Energy savings and environmental benefits

We argue that alternative desktop devices offer significant energy savings and environmental benefits when compared to the approach which puts a PC on every desk. On this page we'll expand on that (but see the footnote for a warning).

The case for environmental benefits is relatively easy to make, but the case for energy savings is complicated by the fact that not everyone wastes energy in the same way. Let's start with the easy bit first.

There is a choice of alternative desktop technologies, with a useful distinction being made between recycled PCs and built-for-purpose devices.

Reycled PCs

Old PCs are an interesting case. Cutter can make use of recycled PCs as desktop devices after their hard drives and other redundant components have been removed. This is probably the most environmentally friendly approach, since it minimises landfill waste and no new component manufacture is involved. Recycled PCs tend not to be as power-efficient as special-purpose alternate devices but overall that's more than offset by not replacing them with newly manufactured equipment. They are also likely to be slightly noisier and obviously, having already served for several years, are liable to have unpredictable reliability. Where cost or environmental issues are paramount they do offer a compelling opportunity.

After three or four years of use as a PC, we've seen some of these gutted devices go on to deliver years of service in their new guise with minimal maintenance. In organisations that aren't obsessed with projecting a 'new and shiny' image it can be fun to paint or decorate the cases of the old PCs and celebrate their longevity instead of being embarrassed by their bulk and styling. Cannibalised power supplies and cooling fans will keep a fleet of them running for a surprisingly long time, though most users just scrap them if they fail.

The power consumption of stripped-down PCs is variable. Twenty to eighty watts, perhaps, depending on what's inside them.

Built-for-purpose Desktop Devices

Built-for-purpose devices come in a range of forms. Overall they differ somewhat in terms of performance, manageability and ease of use but for this discussion they can be grouped together. Typically they consume in the region of five to twenty watts of power, compared to the eighty or hundred and twenty of a generic desktop PC. Since they contain few or no moving parts and are designed for a long service life, they should last at least ten years which contrasts well with the the usual three or four years of a desktop PC. These are clearly substantially better figures both from a power and waste perspective. They are silent or near-silent in operation. Pricing varies and although they should cost less than a full desktop PC, lower production volumes means that they aren't yet as low in cost as you might expect them to be.

Energy Savings

Energy savings are difficult to predict because so much depends on patterns of usage. Alternative devices are much less likely to be left running overnight than office PCs (if the users are encouraged and trained to turn them off). Organisations that are strict about power savings can ensure that idle PCs are switched off or put into power savings mode, but in practice this varies greatly from user to user, department to department and organisation to organisation. It should also be noted that the power-saving mode or even the 'off' mode can use almost as much power as some alternative devices at full-power. The 'off' state is a surprise to many people but a modern PC even when apparently switched off is not in fact really off, it's just in its lowest-power state and still consumes a few watts. To really turn it off, you have to unplug it or use the off switch (if there is one) on the power supply at the back of the case.

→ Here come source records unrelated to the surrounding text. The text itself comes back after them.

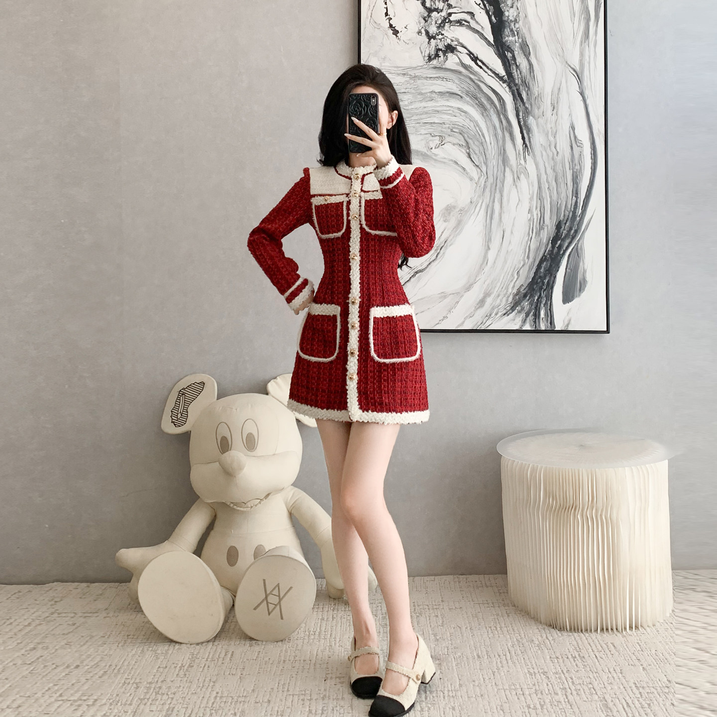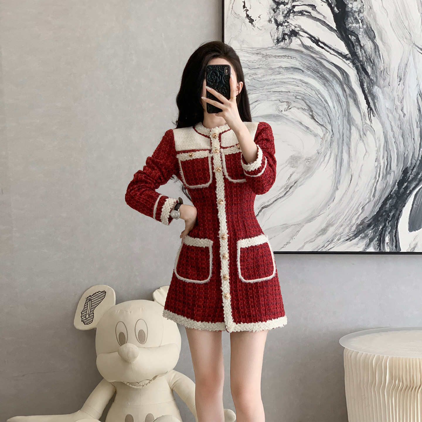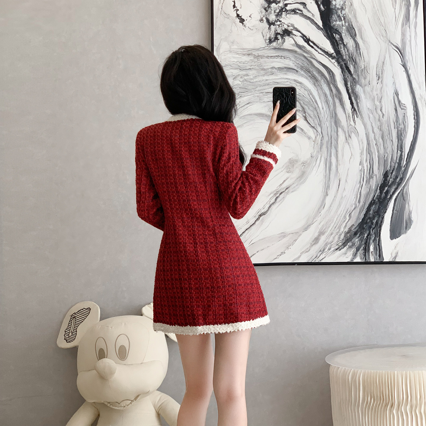高级感小香风气质时尚连衣裙女秋冬季新年战袍收腰显瘦短裙小个子
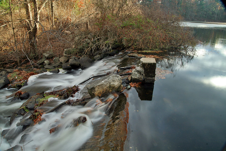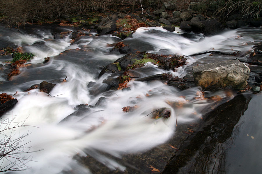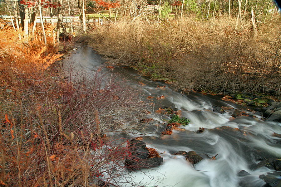 in perhaps the warmest day of the week if not the rest of the year, it gave me the perfect opportunity to do one last spot of naturing. where ever i went, there had to be some running water so i could play around with the neutral density filter i bought earlier this month. i decided to revisit sudbury, back to the hop brook marsh reservation, part of the larger memorial forest preserve. this was my third visit to HBM; i came here during the spring with bruce and my first visit was last year (although the memorial forest i've been to a few oher times before). even though it was the warmest day of the week, the temperature hovered barely above 50 degrees by the time i left the house around noon. the ride was bearable but towards the end it started to get a bit uncomfortable and i could feel my body temperature dropping. thankfully i arrived at my destination before the cold started getting painful.
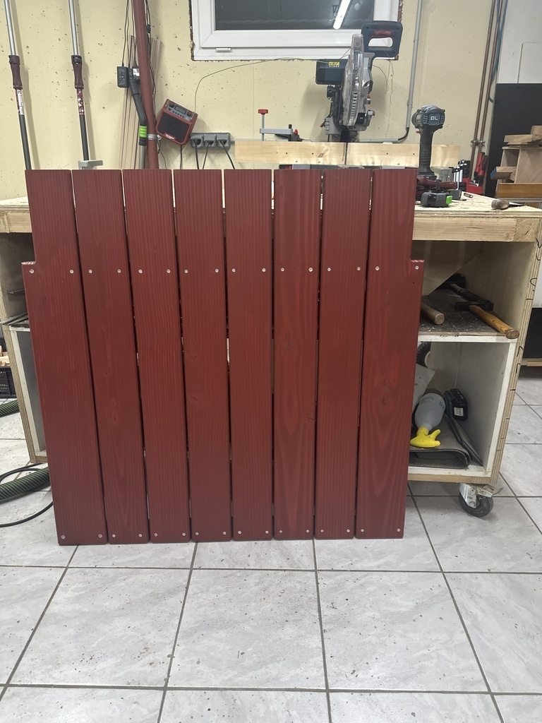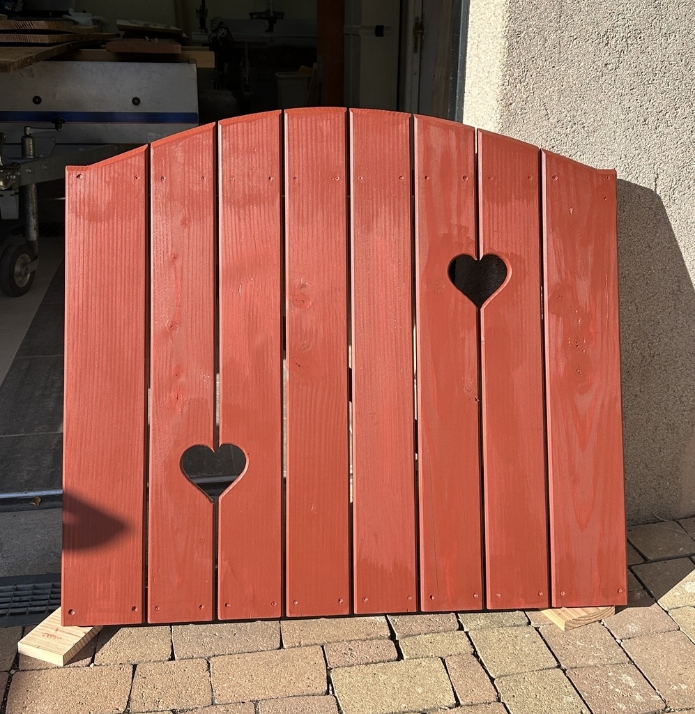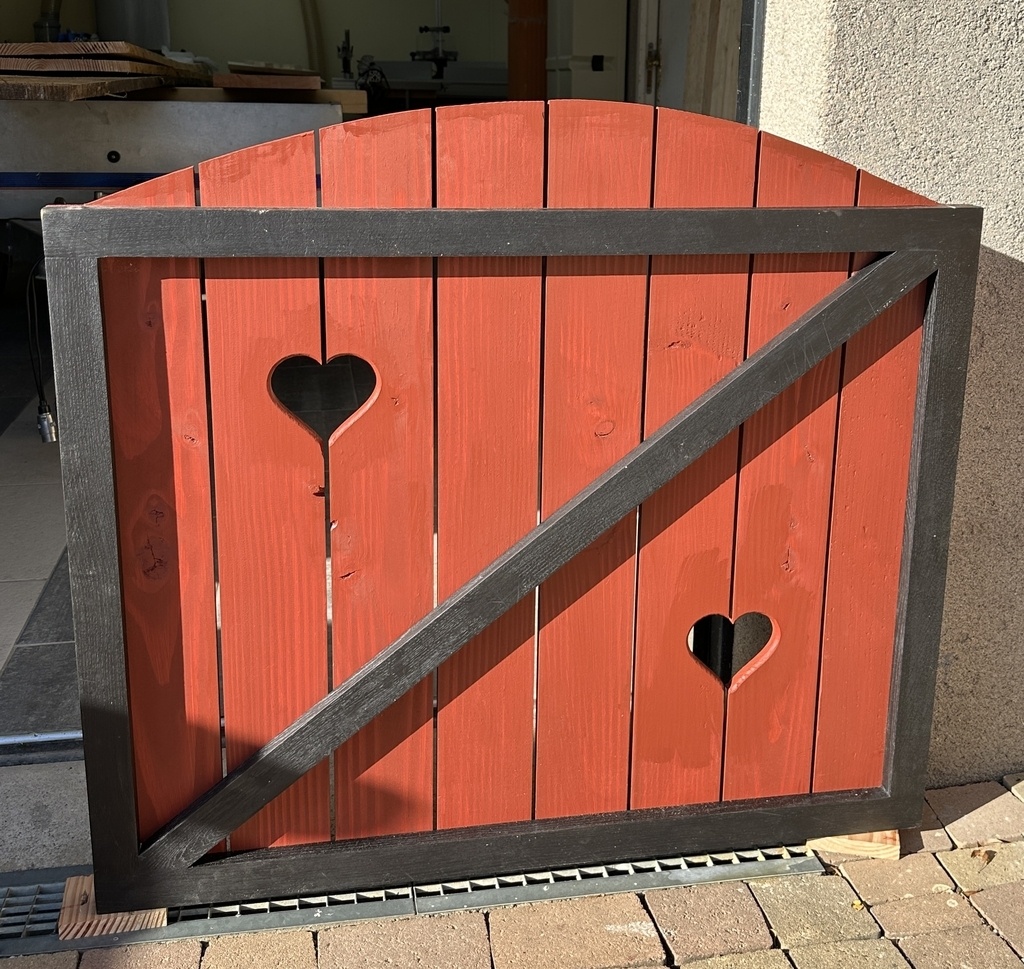 Réalisation d'un portillon, bardage en Douglas, cadre en chêne avec incrustation de coeur pour aller avec les volets que vous pouvez découvrir dans une autres réalisation.
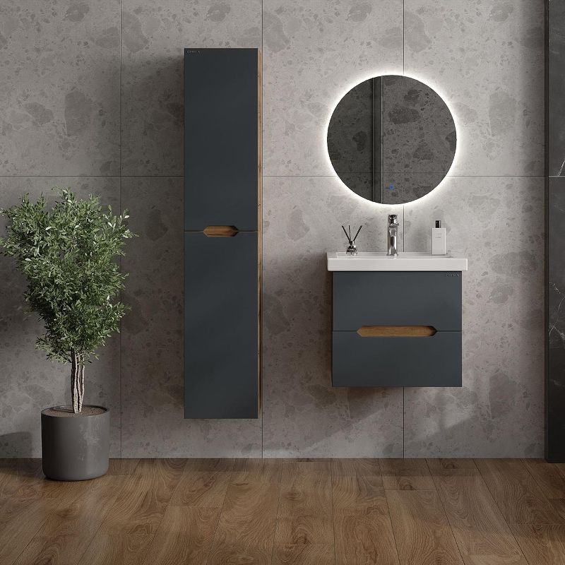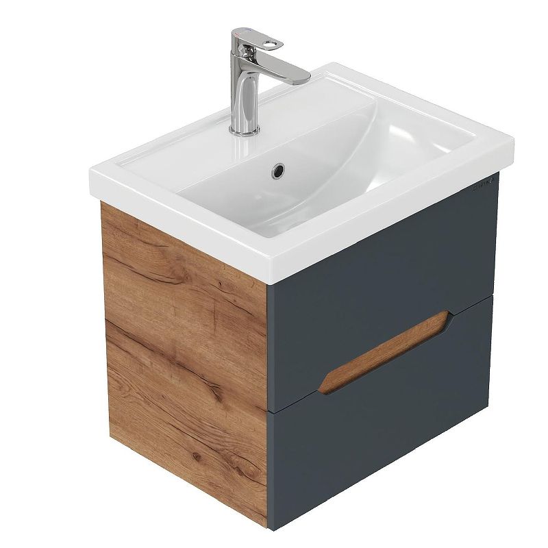 Подвесная тумба Onika Айленд 60 – это отличное решение для ванной комнаты, сочетающее стиль и практичность. Тумба впишется в любой интерьер благодаря трендовому сочетанию матового графита и золотого дуба, а также поможет эффективно организовать пространство, что особенно важно в небольших ванных комнатах.
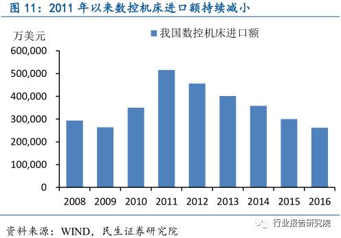 高端数控仍处于起步阶段。我国目前处于数控机床的智能化技术起步阶段,现阶段大部分的数控机床还不具备智能化功能,自主生产的数控机床主要以中低端产品为主,高端数控机床(数控系统)主要依靠进口,2016年我国数控机床进口额约26亿美元。
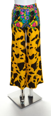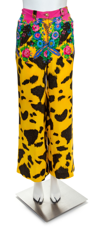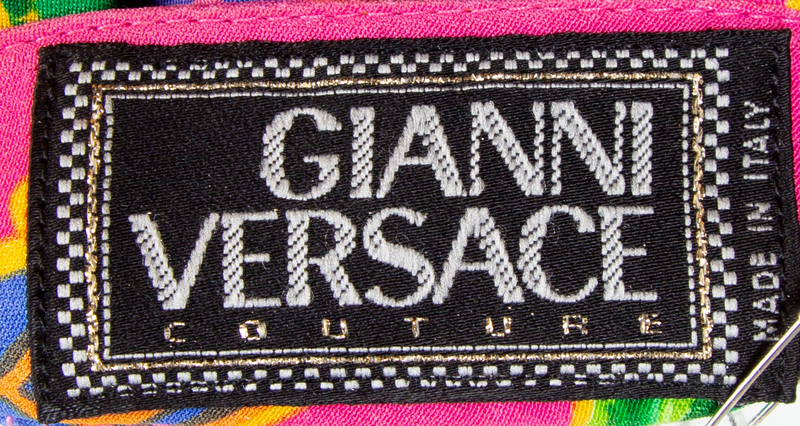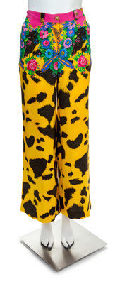 Spring/Summer 1992,with a floral and animal print, a fitted waist with a decorative goldtone Medusa button and a zip closure and front patch pockets.Labeled: Gianni Versace Couture.
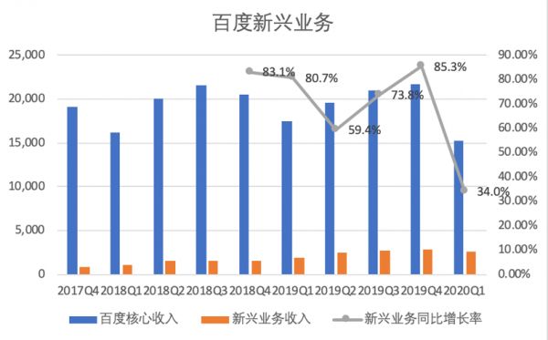 由下图可以看出,百度的新兴业务近两年的季度收入增速最高85.3%,最低59.4%,一季度受疫情影响应该比较特殊为34%,这个增速其实不算慢。
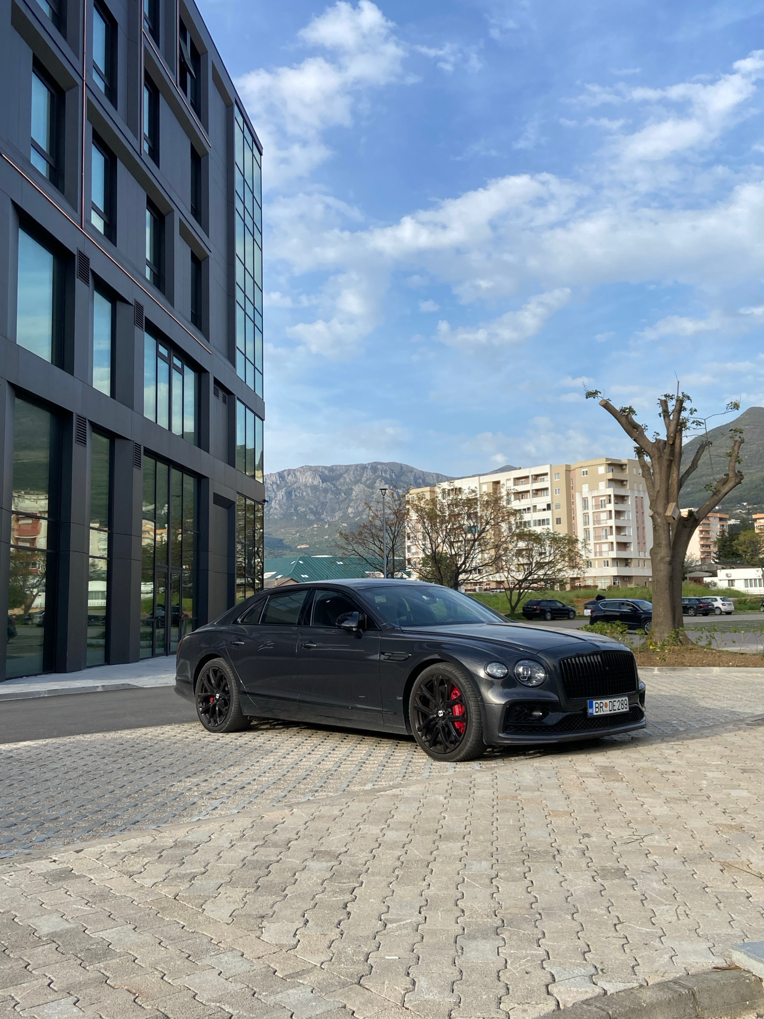The image captures a gray Bentley sedan parked on a patterned concrete surface near a modern office building in Bar, Montenegro. The building features a grid-like pattern of dark gray rectangular pane…read more
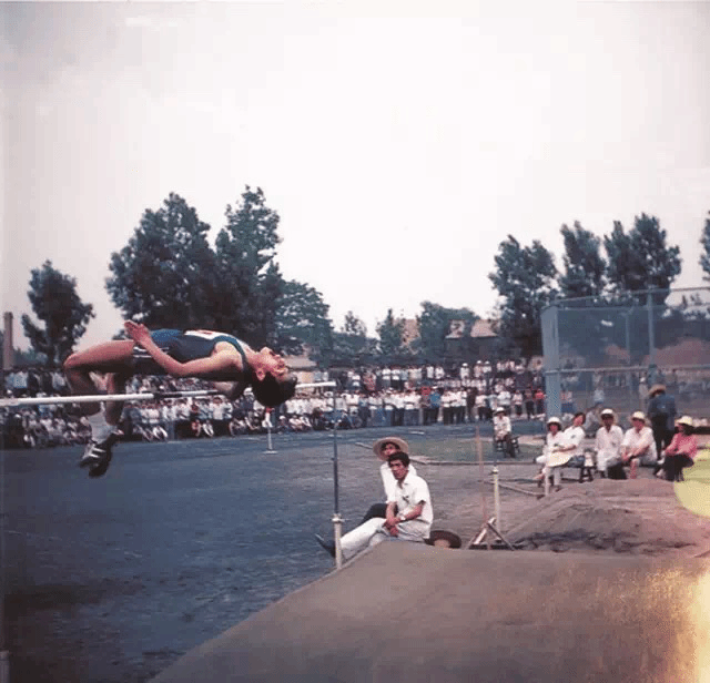 1983年在学校田径场上跳高的张晓斌(郭友军摄)
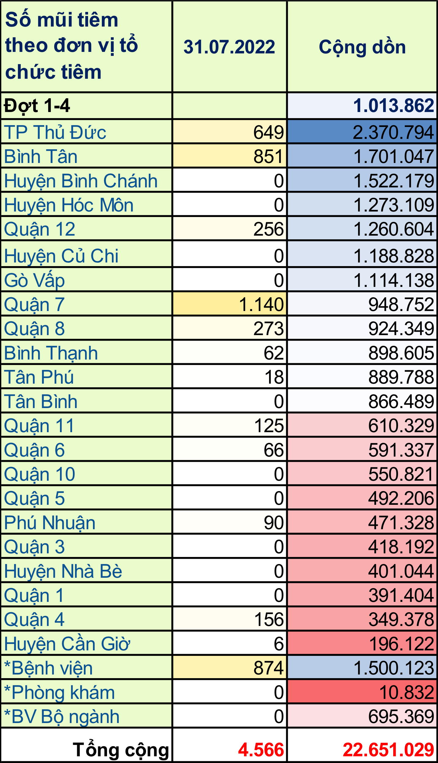 TP. Hồ Chí Minh: Cập nhật số liệu tiêm chủng vắc xin phòng chống COVID-19 ngày 31/7/2022
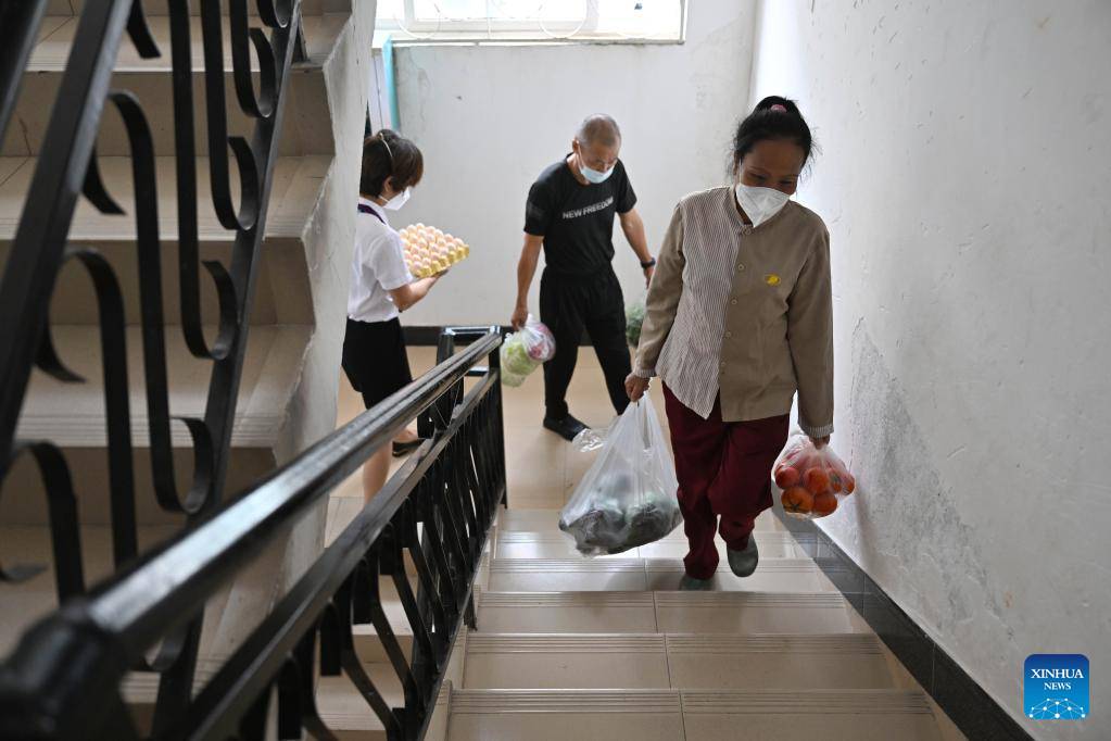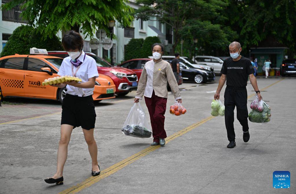 Staff members of the property management service (R and L) help a resident (C) move daily life supplies in a residential compound in Sanya, south China's Hainan Province, Aug. 13, 2022. The local government is exerting all efforts to ensure daily life supplies for local residents and stranded tourists in an effort to fight against the new resurgence of COVID-19 in the city. (Xinhua/Guo Cheng)
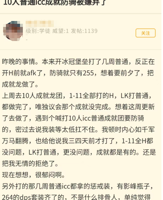 到现在打一个10人ICC还被嫌弃的职业,号主一气之下直接afk了。其实和职业没有特别大的关系,因为现在是版本末期,无论是装等还是细节,一些玩家都已经拉满了,所以哪怕是打10人ICC要求也变得更高了,一般的配置可能真的进不去,因为有着更高配置的玩家申请。

From power-on to full availability should be a matter of a few seconds to at worst a minute for any desktop device in a Cutter system. Typical desktop PCs will often take substantially longer than this, in the extreme cases we have heard of ranging from several minutes to a quarter of an hour depending on the environment they are operating in. People being people, this can be a powerful disincentive to switch them off at night and for some it gets compounded by a lingering fear that they might not reboot properly anyhow. Slow bootup times are not great for productivity either.

It is therefore quite hard to predict the power usage of of desktop PCs since for this aspect of their usage there is so much variation. Probably the nearest to 'typical' you can find is that nobody turns anything off and just goes home leaving everything switched on.

We then have to consider the application servers. These are usually permanently on and consume around twice as much power as a desktop PC whilst providing application services to between thirty and sixty simultaneous end-users each. From that point of view they are clearly very power-efficient especially if unused desktop devices are routinely switched off and that is compared to a fleet of permanently-on PCs. The industry in general is now turning its attention to power management of applications servers and we can expect the no-load power consumption figures to improve with newer models. Ideally they would be shut down when not in use and brought back up to power when they are needed but that's not currently a practical option. The servers will consume a bit less power when idle than when fully loaded with users.

Further complicating the equation is air conditioning. A room full of servers is almost certainly going to need substantial air conditioning and this adds noticeably but unpredictably to the power budget, having to be evaluated on a case-by-case basis.

A room full of alternative devices is much less likely to need air conditioning than one full of PCs but may in fact need more heating during cold periods since so little heat is being produced. So that's hard to give accurate predictions for either.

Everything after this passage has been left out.